AggMo

AggMo or Aggregated Momentum is a variant of the classical momentum stochastic optimizer. It is designed to resolve the problem of choosing a momentum parameter, which simplifies the optimization process of deep learning models.

What is Momentum in Deep Learning Optimization?

Momentum is a term used in deep learning optimization, which indicates the rate of learning and how quickly the model adjusts while training. Momentum is a dynamic factor that affects the learning rate over time, allowing faster convergence and smoother optimization. It is considered one of the important hyperparameters in deep learning algorithms, and selecting the right momentum value is crucial for better optimization results.

Understanding AggMo

AggMo is an attempt to solve the problem of selecting the right momentum value. It maintains several velocity vectors with different beta parameters, which are then averaged out for updating the model's parameters.

How Does AggMo Work?

The AggMo optimizer maintains $K$ velocity vectors with different values of the discount factor $\beta$. These $K$ momentum buffers are combined to update the model's parameters. The discount factor $\beta$ is a hyperparameter that controls the influence of a gradient descent step on the current velocity. It ranges between 0 and 1 with higher values representing the older iterations' influence on the current velocity.

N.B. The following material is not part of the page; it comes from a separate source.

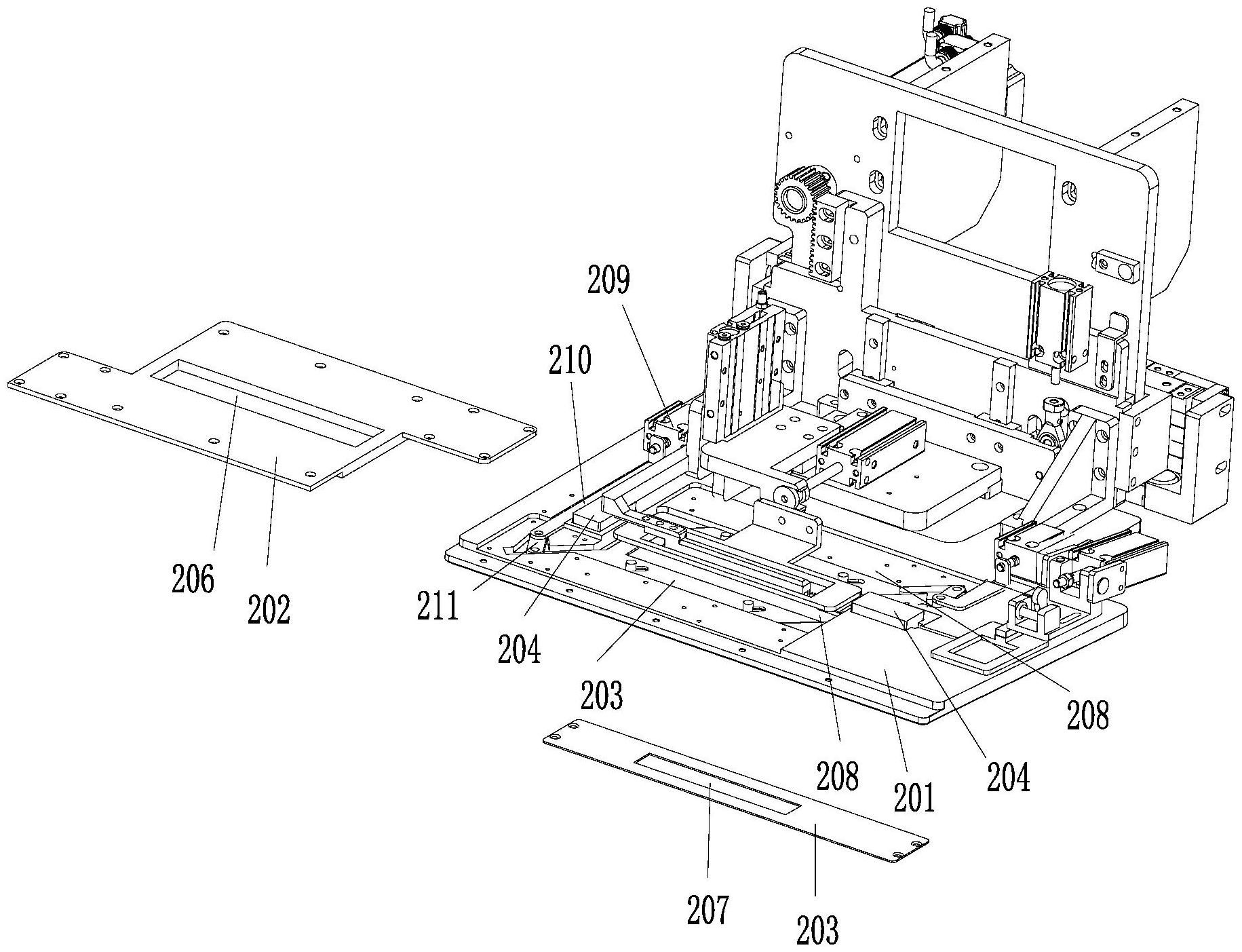 本实用新型公开一种电磁铁吸附折边定位结构,包括有外压框,其设置有上下贯通的第一通孔;外压框上安装有折边校位机构,折边校位机构包括有校位边框和驱动校位边框张合的驱动单元;上压板,其位于外压框的上方,且遮盖于校位边框的上方;上压板设置有上下贯通的第二通孔,第二通孔与第一通孔对应设置;下压板,其对应第一通孔设置且位于校位边框的下方,下压板设置有上下贯通的第三通孔;电磁铁,其设置于外压框上,电磁铁位于下压板的上方;当电磁铁通电产生磁力,下压板在电磁铁的吸力作用下向上位移,当电磁铁断电磁力则消失,下压板在自身重力作用下往下掉落一设定距离。其结构简单,结合电磁铁吸住下压板上抵定位,可靠性佳。

The AggMo update rule involves calculating the velocity vector $v^{\left(i\right)}_{t}$ for each $K$ using the following expression:

$$v^{\left(i\right)}_{t} = \beta^{(i)}v^{\left(i\right)}_{t-1} - \nabla_{\theta}f\left(\mathbf{\theta}_{t-1}\right)$$

Here, $\nabla_{\theta}f\left(\mathbf{\theta}_{t-1}\right)$ is the gradient or the rate of change of the objective function, with respect to the model's parameters $\theta$. The velocity vectors calculate the gradient of the objective function for each $K$ momentum buffer and combine them to update the model's parameters $\mathbf{\theta}$ as follows:

$$ \mathbf{\theta}_{t} = \mathbf{\theta}_{t-1} + \frac{\gamma_{t}}{K}\sum_{i=1}^{K}v_{t}^{\left(i\right)} $$

The above update rule computes the next value of $\mathbf{\theta}$ by adding the sum of the weighted velocity vectors $v_{t}^{\left(i\right)}$ to the current parameter value $\mathbf{\theta}_{t-1}$. Here, $\gamma_{t}$ is the learning rate, which determines the step size for updating the model's parameters.

Advantages of AggMo

AggMo provides several advantages when optimizing deep learning models. Some of these include:

Robustness: AggMo is more robust to hyperparameters' changes and does not require much parameter tuning, unlike other stochastic optimization methods.
Convergence Speed: Using multiple momentum buffers in AggMo results in faster convergence and learning. Hence it takes fewer iterations to optimize the network's parameters.
Accurate Optimization: AggMo contributes to accurate optimization of deep learning models by carefully maintaining the gradients' direction and weightage in each momentum buffer.
Less Memory: AggMo requires less memory than other optimizers since it works with several momentum buffers instead of maintaining the entire sequence for each parameter.

Aggregated Momentum, or AggMo, is an advanced optimization technique that allows for faster convergence and more accurate optimization of deep learning models. By utilizing multiple momentum buffers, AggMo avoids the problem of selecting a suitable momentum parameter value while being more robust against hyperparameter tuning. AggMo forms an essential optimization technique for optimizing large-scale deep learning models used in various applications, including computer vision, natural language processing, and speech recognition.